The U.S. and its allies will bear responsibility for the "catastrophic consequences" of their "provocative acts" in the region, North Korea's Foreign Ministry said in a statement carried by the state-run Korean Central News Agency.

The ministry warned that Pyongyang is "ready to take the most necessary measures" to protect its sovereignty, national security interests, and "regional and global peace and stability."

Tensions on the Korean peninsula are at their highest level in decades amid the North's missile launches, waste balloons, a new military pact with Russia, and the South's resumption of loudspeaker broadcasts and activists' steady stream of balloons carrying anti-Pyongyang propaganda northward across the Demilitarized Zone separating the neighbors.
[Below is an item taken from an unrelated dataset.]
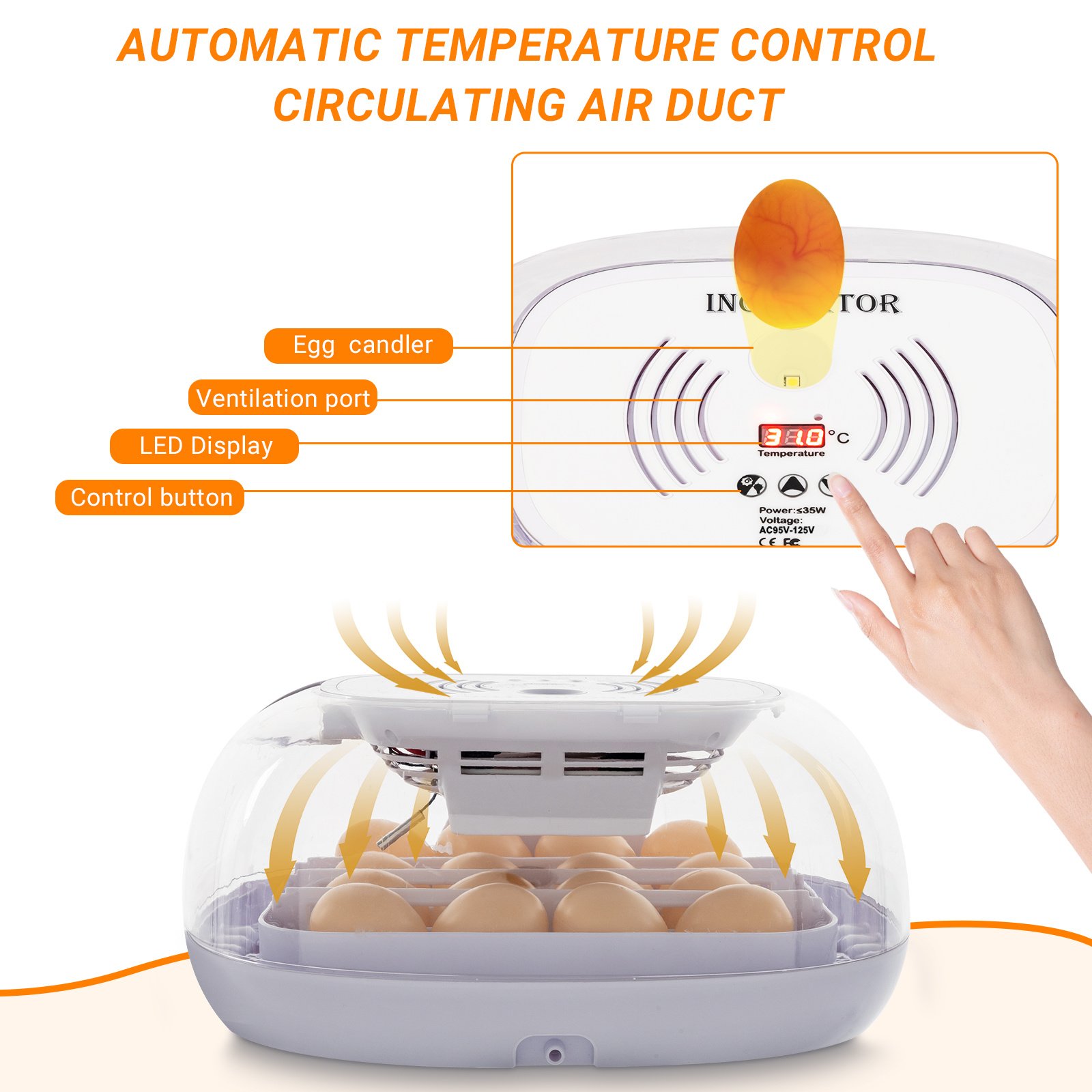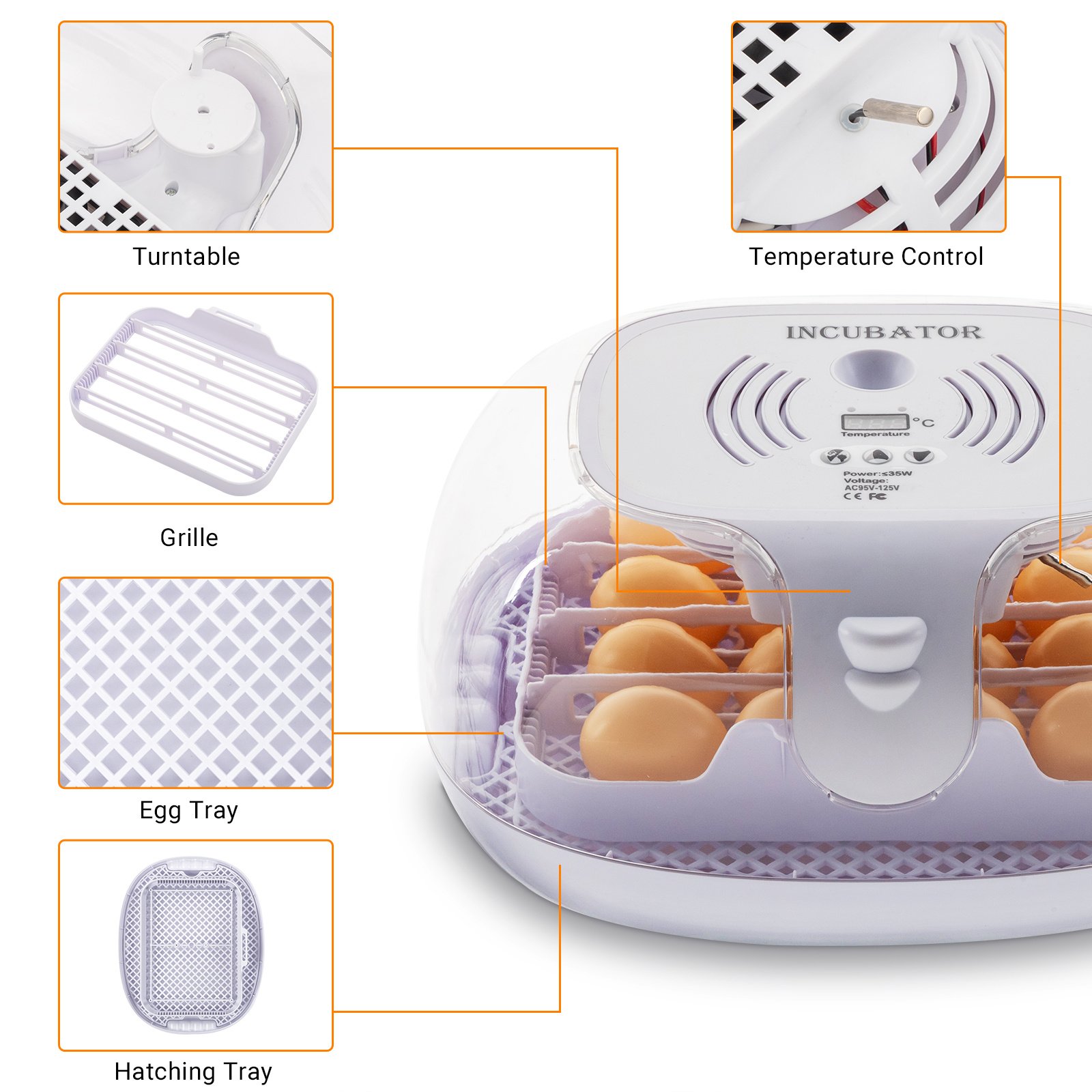 8. Incubation Quantity: 16 pcs(Capacity Changes According to the Type of Egg)

North Korean leader Kim Jong Un in Pyongyang on August 4. The North Korean Foreign Ministry accused the U.S. of flaming tensions on the Korean Peninsula through their "Iron Mace" tabletop simulation of a North... North Korean leader Kim Jong Un in Pyongyang on August 4. The North Korean Foreign Ministry accused the U.S. of flaming tensions on the Korean Peninsula through their "Iron Mace" tabletop simulation of a North Korean nuclear attack. Korean Central News Agency

North and South Korea are technically still in a state of war, having never signed a peace treaty since the end of open hostilities in 1953.

The ministry criticized the recent U.S.-South Korean tabletop exercise "Iron Mace 24," held Tuesday to Thursday in Pyeongtaek, South Korea, as being more than its stated purpose of simulating a hypothetical nuclear attack.
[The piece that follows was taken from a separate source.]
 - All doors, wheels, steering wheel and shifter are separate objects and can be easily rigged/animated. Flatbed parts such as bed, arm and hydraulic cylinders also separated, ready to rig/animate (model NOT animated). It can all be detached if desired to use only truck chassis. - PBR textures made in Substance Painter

The ministry said Washington and Seoul had set up a "nuclear war plan" aimed at Pyongyang since the two allies set up the Nuclear Consultative Group in April 2023.

The Iron Mace exercise shows this plan is now in the phase of "actual and detailed execution, the ministry said.

According to Seoul and Washington, the Nuclear Consultative Group, which has met three times so far, was formed to "strengthen extended deterrence, discuss nuclear and strategic planning, and manage the North Korean threat to" international nuclear nonproliferation efforts.

North Korea is subject to wide-ranging United Nations Security Council sanctions over its nuclear and ballistic missile programs.

Washington's extended deterrence efforts include measures to protect South Korea, such as the tens of thousands of U.S. troops based there, joint military exercises, and the U.S. "nuclear umbrella"— an assurance the U.S. would use its nuclear arsenal to deter or respond to any nuclear attack against the South.

Through this policy of extended deterrence in support of its South Korean and Japanese allies, the U.S. has brought its "vassal countries" into a nuclear alliance, Pyongyang said.

Through such "provocations," the U.S. "has plunged the worrisome security environment of the Korean peninsula into a more dangerous phase to persistently escalate the danger of a nuclear clash in the region," the ministry said.

The statement pointed to recent remarks made by Vipin Narang, acting U.S. assistant secretary of defense for space policy, who signaled a more assertive U.S. nuclear posture to match the perceived threat from nuclear-armed adversaries, particularly China.

"If our adversaries continue down their current paths, the United States—alongside our allies and partners—is ready, willing, and able to confront the challenges of a new nuclear age," Narang said Thursday at an event hosted by the Center for Strategic and International Studies think tank in Washington, D.C.

Narang warned that the U.S. "can't sleep on North Korea" and the progress it has made on its weapons programs, especially in light of its deepening relationship with Russia.

Newsweek reached out to the U.S. Department of Defense with a written request for a response.

Last week, a bipartisan commission released a report to Congress on the status of national security efforts. Calling the current international security environment the "most challenging and dangerous" since World War II, the 75-page report called on the U.S. to maintain a higher level of defense spending and revamp its manufacturing, cyber, and other defense-related capabilities.

Also last week, South Korean President Yoon Suk-yeol's cabinet greenlit a new "Strategic Command" tasked with preventing or reacting to a potential nuclear or weapons of mass destruction attack by the North.